Умер на рассвете, так что первые узнали об этом фам де менаж[2] и понесли вместе с молоком и булками по всем этажам.
Стали собираться группами около булочной, в мясной, в лавчонке итальянца, раскачивали сетками с провизией, ежились в вязаных платках.
— Умер муж консьержки из сорок третьего номера. Мосье Витру.
И сипели по-гусиному:
— Хххх-о, — выражая удивление и сочувствие. Пугала своей необычностью фраза:
— Мосье Витру умер.
Слова «мосье Витру» вместо «консьержкин пьяница» приглашали признать его за человека, имеющего, как все прочие, собственное свое имя, а не ругательное определение проступков. И об этом человеке сообщалось, что свершил он нечто значительное и даже торжественное: он умер.
— Хххх-о!
Вот на какой поступок он оказался способным!
Жильцы дома номер сорок три притихли. Осторожно прикрывали входную дверь и быстро шмыгали на лестницу, косясь на окно консьержки.

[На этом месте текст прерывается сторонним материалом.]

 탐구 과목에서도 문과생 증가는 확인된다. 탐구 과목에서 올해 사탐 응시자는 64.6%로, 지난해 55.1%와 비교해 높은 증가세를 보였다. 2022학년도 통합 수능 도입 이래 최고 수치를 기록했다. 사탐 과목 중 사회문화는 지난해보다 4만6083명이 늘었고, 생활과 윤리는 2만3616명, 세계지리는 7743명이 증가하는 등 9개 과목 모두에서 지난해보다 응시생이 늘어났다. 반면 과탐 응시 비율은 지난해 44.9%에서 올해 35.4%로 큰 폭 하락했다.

Актриса из третьего этажа — фарсовая, но с трагическим характером, — всегда мучающаяся, что ее обошли ролью, и тут, в смерти Витру, почувствовала себя как бы обойденной. Она очень бы удивилась, если бы ей кто-нибудь объяснил, что ее подавленное настроение происходит от зависти к консьержкиному мужу, что ей неприятно то центральное место в умах жильцов дома номер сорок три, которое ему сейчас отводится. Вечером она сумела найти выход и разрядить нервы. Друг принес ей корзину орхидей, и она велела сейчас же отнести цветы на гроб бедного мосье Витру.

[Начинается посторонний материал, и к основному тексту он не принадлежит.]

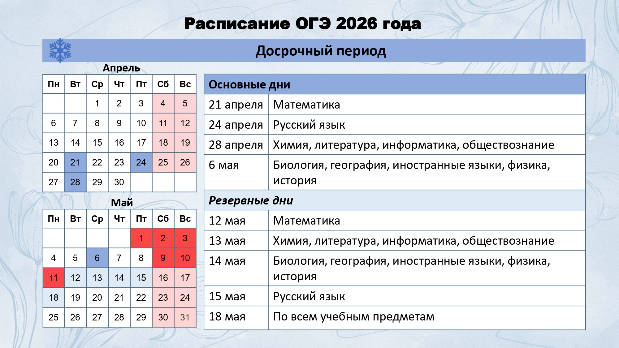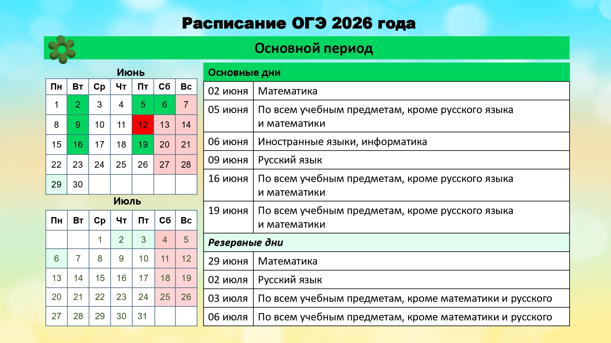 С учетом актуальных изменений, внесенных Рособрнадзором в график проведения ГИА, резервными датами для получения допуска к ОГЭ-2024 станут: вторая среда марта (13.03.24) и третий понедельник апреля (13.04.24)

И когда друг, обиженно поджав губы, медленно нес вниз по лестнице пышный свой дар, и встречные дамы благоговейно посторонились, актриса, перевесившись через перила, быстро и весело притопнула каблучками. В комнате консьержки будут ахать, и сипеть, и удивляться. Да, в этой пьесе у нее нашлась красивая роль.

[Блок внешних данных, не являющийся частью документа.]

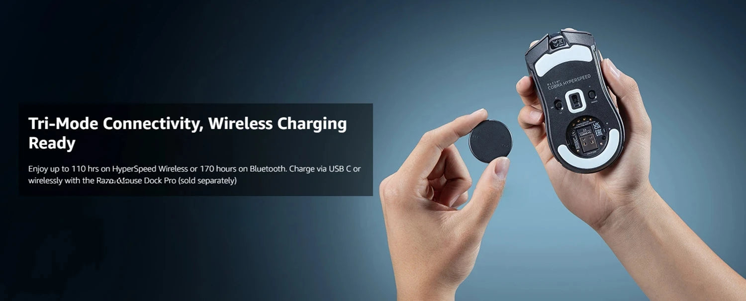 Enjoy up to 110 hrs on HyperSpeed Wireless or 170 hours on Bluetooth. Charge via USB C or wirelessly with the Razer Mouse Dock Pro (sold separately)

Сладкий, тошный запах хлора и формалина поднялся по лестнице, вошел в щели дверей, в мысли, в сны.
У старика из четвертого этажа сделался припадок астмы, и он заставил дочь до утра играть с ним в карты.
Актриса из третьего долго не отпускала своего друга. Она предчувствовала, что скоро, очень скоро умрет, и кротко улыбалась, закрывая глаза.
Две старухи из первого этажа до глубокой ночи бродили по комнатам и пугались друг друга.
Дети во втором плакали и не позволяли гасить лампу.
Утром сын консьержки разнес по квартирам приглашение на похороны. Огромный лист с черной каймой. Он лег на подушку старика с астмой, на кружевной столик актрисы, на комод двух старух, на чайную скатерть во втором этаже, и всюду задрожали над ним ресницы и остановились глаза.
Консьержка, мадам Витру, в первый раз увидела имя своего мужа торжественно напечатанным, на почетном месте. Первый раз совершил он общепринятый буржуазный, вполне почтенный поступок, который возбудил у всех интерес и даже благоговение. О нем говорят, о нем спрашивают, о нем думают во всех пяти этажах, и в доме рядом, и в доме напротив, и в булочной, и на углу.
Он — мосье Витру. Его женой сейчас быть почтенно. В первый раз она его, а не он ее. Она его вдова, а не он «муж консьержки». И кюре, с которым она говорила об отпевании, утешая, сказал: «не плачьте, но думайте о том, что скоро с ним встретитесь». Этими словами и кюре признавал как бы заслугу мосье Витру, как бы высшее его в сравнении с нею положение.
И те нечестивые думы, которые раздражали ее, когда она поняла, что муж умирает, — она отогнала прочь. Думы о том, что умирает он слишком поздно, когда она уже стара, что, будь это лет пятнадцать тому назад, когда вдовец-водопроводчик так сильно заинтересовался канализацией в их доме, что по два раза в день приходил проверять краны, — тогда было бы дело другое. У водопроводчика теперь собственная мастерская в Руане…
Но после смерти Витру, когда жизнь приняла такой торжественный оборот, она забыла о водопроводчике.
Запах хлора и формалина углублялся, расширялся, гудел глубоким аккордом.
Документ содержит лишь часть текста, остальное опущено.